NYT Crossword for Friday, November 25, 2022 by Simon Marotte

Simon Marotte notes:

I'm thrilled to have my first themeless in the Times! I have to give credit to constructors Robyn Weintraub, Nam Jin Yoon, Caitlin Reid, and Ryan McCarty (to name a few) whose puzzles inspired me to challenge myself to construct a fun Friday crossword. Hope this was a gratifying solve!

P.S. Shout out to the Daily Princetonian puzzle section! I've recently joined as a contributing constructor & I highly recommend checking out its website, where puzzles are published every Tuesday and Friday.

Jeff Chen notes:

HAD A BLAST is right! This is my favorite type of themeless crossword, focusing on pure fun, loaded with colorful, accessible long entries, and bulging with highly-toned wordplay clues that pop.

Most every themeless these days is chock full of excellent long phrases — they all have to be, considering the sky-high bar raised by pandemic-bored constructors — but so few turn the wordplay knob to eleven. Today, I ticked off at least eleven clues that delighted.

I usually notice the ones that elevate an already great entry even higher — repurposing "funny bones" to describe LOADED DICE is criminally awesome — but I appreciate wordplay clues for short, ho-hum entries even more. Some speed-solvers will gloss over SCUM, barely reading the clue.
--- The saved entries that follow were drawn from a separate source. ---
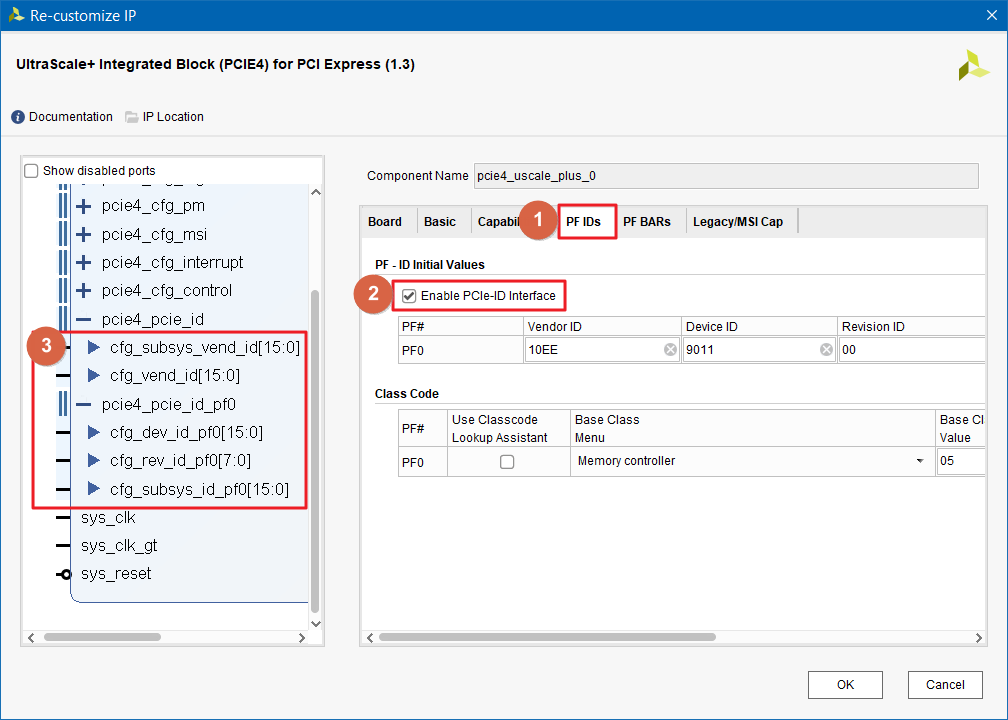 Xilinx UltraScale+ Devices Integrated Block for PCI Express를 사용하면 Vender ID, Device ID, Revision ID, Subsystem Vender ID, Subsystem Device ID를 변경할 수 있는 Option이 제공됩니다.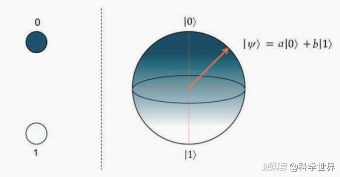 对量子比特的一个形象表示是布洛赫球(Bloch sphere),它的南极表示|1>态,北极表示|0>态。经典比特只能取这2个态,而量子比特可以取球面上的任意一点,即a|0> +b|1>,这里的a和b是2个复数,这正是为什么要用球(而不是平面的圆)来表示量子比特。正文中没有强调a和b是复数,是因为复数对许多读者会造成额外的困难,只要理解叠加态有无穷多个,就已经足以把握叠加态的大部分特征。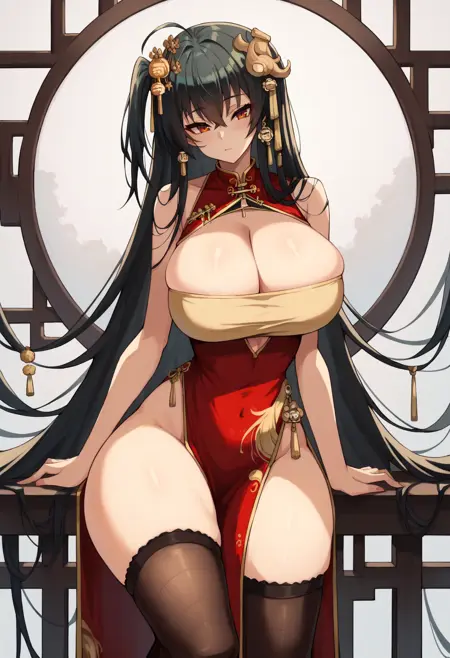 • 凤凰春歌(春节/旗袍)mltaiqipao, 露肩,黑色过膝袜,中式旗袍,中国风服饰,深V胸口,金色胸衣,金色发饰,腰臀帘,红色旗袍,无袖连衣裙 — 这款可能需要在负面提示中加入“双马尾”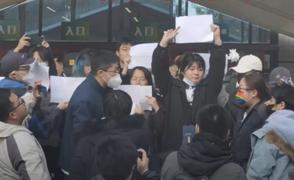 3 năm cực lực ngăn chặn dịch bệnh của ĐCSTQ đã mang đến sự hỗn loạn, khiến người dân oán thán. Vụ hỏa hoạn ở Urumqi, Tân Cương đã châm ngòi cho các cuộc biểu tình của người dân và sinh viên ở nhiều nơi tại Đại Lục, đồng thời khơi mào cho “Phong trào Giấy trắng”. Họ hét lên “Đảng Cộng sản, hãy hạ đài.”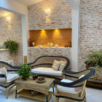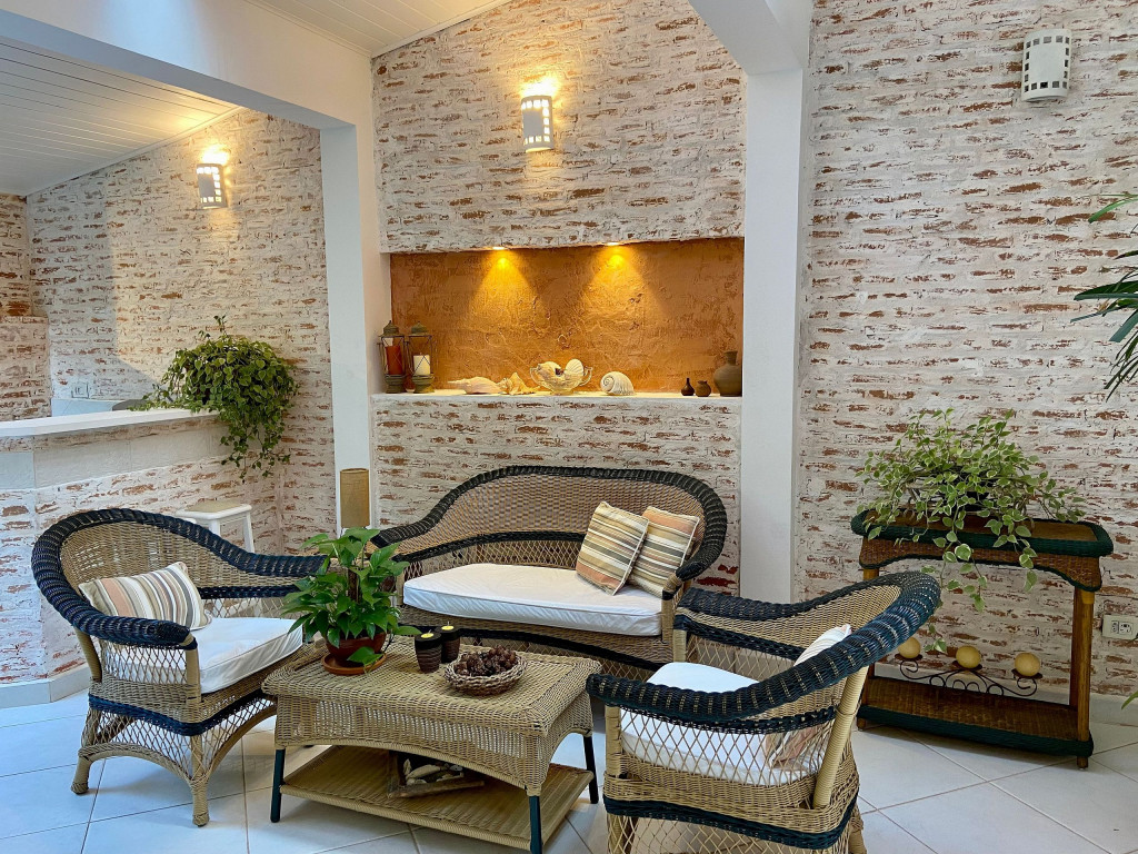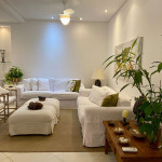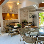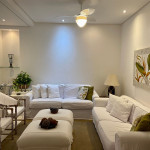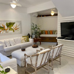 - Área de Estar: Três poltronas e uma mesa de centro - Churrasqueira: bancada com duas banquetas e uma mesa de vidro com 4 lugares, Suítes: todas com ar condicionado, criados mudos, araras para cabides, e/ou armários.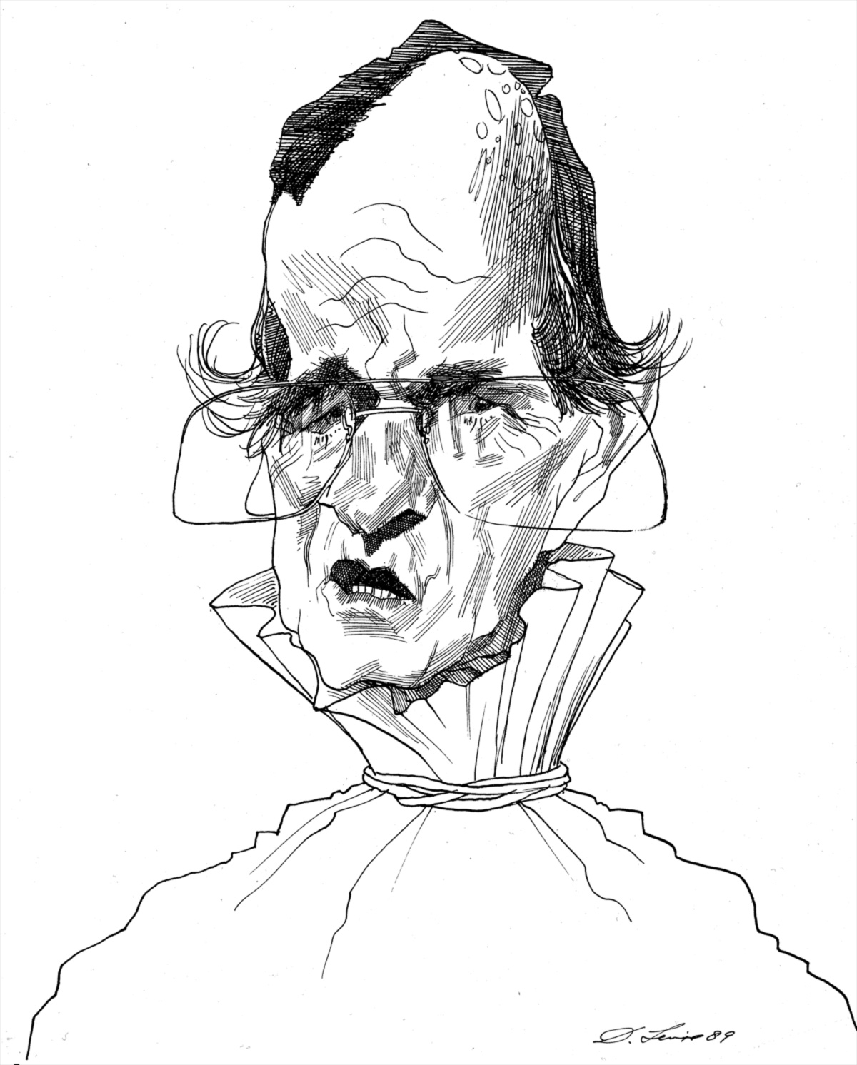 Basta digitar um nome qualquer na “David Levine Gallery”, no site da Review, para encontrar uma quantidade impressionante de retratos: 66 Richard Nixon, 41 Lyndon Johnson, 23 Ronald Reagan, 16 Sigmund Freud, 14 Norman Mailer, 13 Charles de Gaulle, 12 Jimmy Carter, 11 Adolf Hitler, 10 William Shakespeare, 9 Jean-Paul Sartre, 8 Bertrand Russell, 7 Menachem Begin, 6 Ernest Hemingway, 5 Marcel Proust, 4 Khomeini, 3 Bernard Berenson, 2 Elvis Presley e 1… bem, são centenas e centenas de retratos. E boa parte do que saiu na Review sequer está arquivado no site. Sem falar dos desenhos feitos para outras publicações.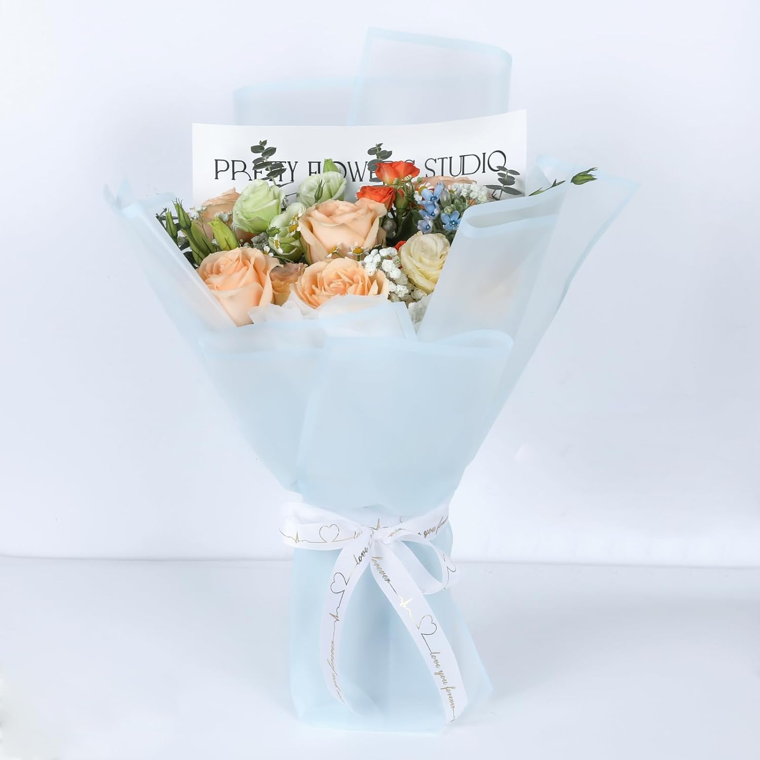 NESCCI 20 Sheet Flower Wrapping Paper - Waterproof Floral Bouquet Wrapping Paper, Florist Supplies Packaging Paper for Wedding Birthday Gift DIY (Translucent Light Blue)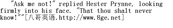 不要问我!"海丝特·白兰定睛望着他的面孔回答说。"这一点你永远不会知道的!" "Never, sayest thou?" rejoined he, with a smile of dark and self-relying intelligence. "Never know him! Believe me, Hester, there are few things- whether in the outward world, or, to a certain depth, in the invisible sphere of thought- few things hidden from the man who devotes himself earnestly and unreservedly to the solution of a mystery. Thou mayest cover up thy secret from the prying multitude. Thou mayest conceal it, too, from the ministers and magistrates, even as thou didst this day, when they sought to wrench the name out of thy heart, and give thee a partner on thy pedestal. But, as for me, I come to the inquest with other senses than they possess. I shall seek this man, as I have sought truth in books; as I have sought gold in alchemy. There is a sympathy that will make me conscious of him. I shall see him tremble. I shall feel myself shudder, suddenly and unawares. Sooner or later, he must needs be mine!"" 永远不,你是这么说的吗?"他接口说,脸上露出阴沉和自信的笑意。"永远不会知道他!相信我吧,海丝特,还没有什么事情,--无论是在外部世界上的,还是在不可见的某种思想深处之中的--都没有什么事情能够逃过一个对解决神秘问题孜孜以求的人的眼睛。你可以对那些刨根问底的群众隐藏你的秘密。你也可以对那些牧师和大人们掩饰你的秘密,即使在他们象今天所作的那样,竭力想把那人的名字从你心中挤轧出来,让你们结伴示众的时候,也是枉然。至于我呢,我要用他们所不具备的其它感觉来寻求答案。我要象我在书本中探索真理、用炼金术提炼黄金那样去找出这个男人。我可以靠一种共同感应来觉察出他来。我要看着他浑身战抖。我会突然而不自主地感到自己在颤栗。或迟或早,他必将落入我的掌握之中!" The eyes of the wrinkled scholar glowed so intensely upon her, that Hester Prynne clasped her hands over her heart, dreading lest he should read the secret there at once. 那个满脸皱纹的学者的眼睛,亮闪闪地死盯住海丝特·白兰,直逼得她用双手紧紧捂住胸口,唯恐他马上从那儿读到她的秘密, "Thou wilt not reveal his name? Not the less he is mine," resumed he, with a look of confidence, as if destiny were at one with him. "He bears no letter of infamy wrought into his garment, as thou dost; but I shall read it on his heart. Yet fear not for him! Think not that I shall interfere with Heaven's own method of retribution, or, to my own loss, betray him to the gripe of human law. Neither do thou imagine that I shall contrive aught against his life; no, nor against his fame, if, as I judge, he be a man of fair repute. Let him live! Let him hide himself in outward honour, if he may! Not the less he shall be mine!"" 你不想说出他的名字吗?反正他逃不出我的手心,"他接着说,露出得意的神情,似乎是他在主宰命运。"他的衣服上没有象你一样缝着耻辱的字毋;但我仍可以洞察他的内心。不过不必为他担心!不要以为我会扰乱上天的惩治方法,或者,把他揭露出来,诉请人间的法律去制裁,那样我会得不偿失。你也不要猜想我会设法勾消他的生命;不,我也不会诋毁他的名誉的,要是我判断得对,他是一个颇有名望的人。让他活着吧!反正他逃不出我的手心!" "Thy acts are like mercy," said Hester, bewildered and appalled. "But thy words interpret thee as a terror!"" 你的行动象是在发慈悲,"海丝特困惑面惊恐地说。"可你的言辞只能让人感到害怕!"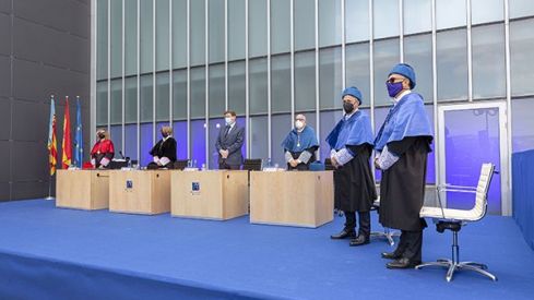 La Universitat Jaume I ha investit com a doctor honoris causa el geòleg Xavier Querol, en un acte acadèmic en el qual el catedràtic d'Enginyeria Química de l'UJI Eliseo Monfort ha actuat com a padrí. L'acte ha estat presidit per la rectora de l'UJI, Eva Alcón; el president de la Generalitat Valenciana, Ximo Puig; el vicerector d'Investigació i Transferència, Jesús Lancis, i la secretària general de l'UJI, Cristina Pauner.Xavier Querol és professor d'investigació del CSIC en l'Institut de Diagnosi Ambiental i Estudis de l'Aigua (IDAEA-CSIC) i investiga en geoquímica ambiental, especialment relacionada amb la contaminació atmosfèrica, amb una àmplia trajectòria reconeguda amb distincions com ara el Premi Rei Jaume I de Protecció del Medi Ambient o el darrer Premi Nacional d'Investigació en Ciències i Tecnologies dels Recursos Naturals.En la seua laudatio, el catedràtic d'Enginyeria Química de l'UJI, Eliseo Monfort, ha destacat els valors que representa Querol per a la comunitat universitària pel seu rigor científic, capacitat de treball i sacrifici personal, a més del seu marcat compromís social i vocació de servei públic, manifestada en una gran implicació social en els problemes ambientals d'actualitat.Així, Monfort ha posat en relleu la gran excel·lència acadèmica del professor Querol però sobretot «la seua vocació de transferència dels coneixements i avanços científics a la societat, i la seua ferma voluntat de no quedar-se sols en estudis en l'àmbit acadèmic, amb una clara orientació d'usar la ciència per a transformar la societat». En aquesta línia, també ha fet referència a la seua gran tasca de divulgació científica cap a la societat civil per tal de crear consciència social en matèria ambiental.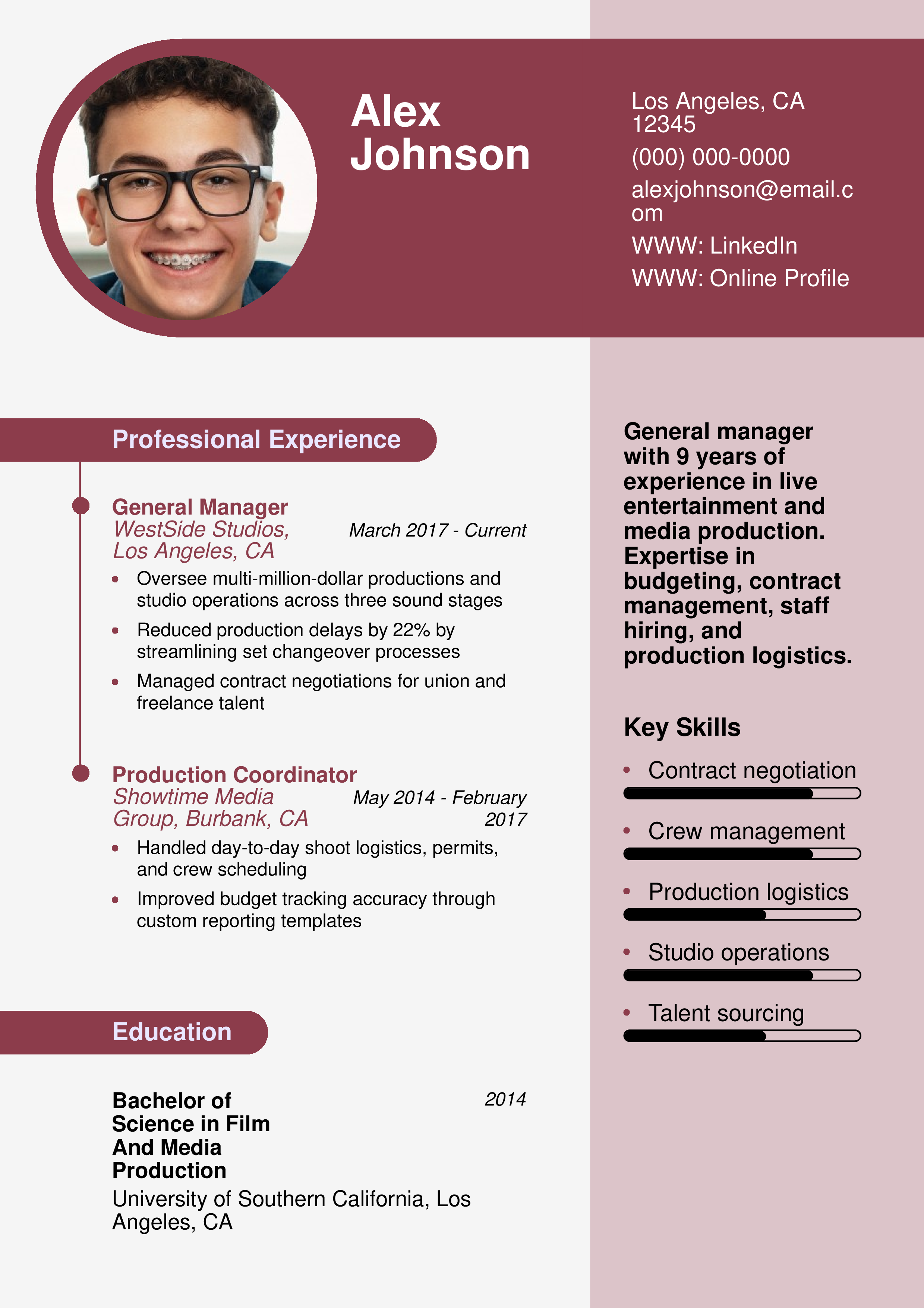 Entertainment Production General Manager Resume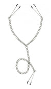 Measurements: 24.5 inches in total length, nipple chain measures 18 inches in length, clit chain measures 15.5 inches in length. Clamps open up to 1 inch in width and close completely Material: Metal, vinyl. Color: Silver.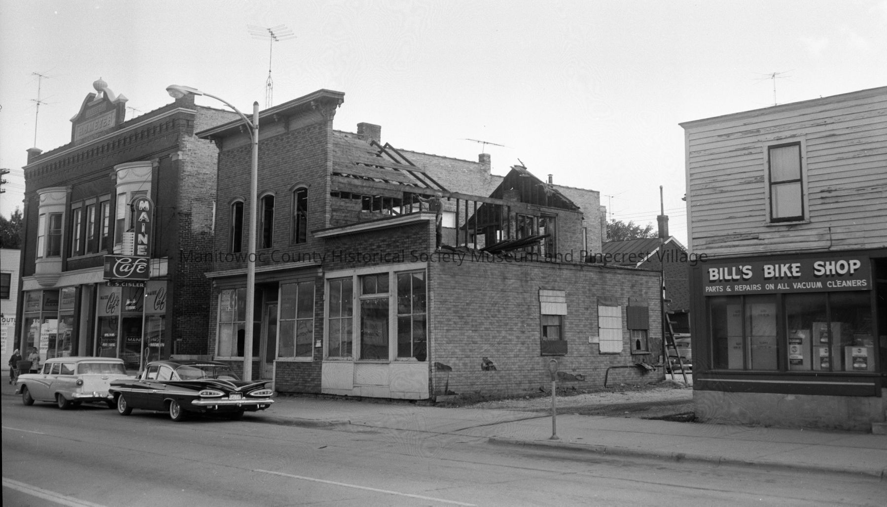 Washington Street 1000 block Manitowoc. Zannacker's Cleaners, 1001; Maine Cafe, 1003-1005; Bill's Bike Shop. Buildings starting to be removed for new Firestone Tire Store. Photograph taken on September 27th, 1960.Made/Created

That would be a shame since I got fooled so badly by [Film about fish tanks?]. So much for my brilliant guess of NEMO!

There isn't any one amazing grid entry that people will be tweeting about (assuming that Elon Musk hasn't destroyed Twitter by this morning), but I'll take fourteen above-average long entries any day. When NESPRESSO occupies your least interesting 8+ letter slot, I gotta say I GOT NOTHIN' in terms of critique.

I also appreciated that Simon didn't concentrate all his long slots in the four corners. Many 72-word themelesses squish three long entries into each of the four corners, making filling easier since you can work on them independently. I love that Simon branched out, with six long words reaching into the middle. I got a sense of pizazz at every step along the way, not just in the four corners.

Hardly any questionable short entries at all, too. Maybe ADZ is a bit LAZY since adze is listed first in many dictionaries, and IROCS aren't for everyone.

Incredibly minor nits to pick, though, in a magnificent example of how to pull off a standout 72-word themeless.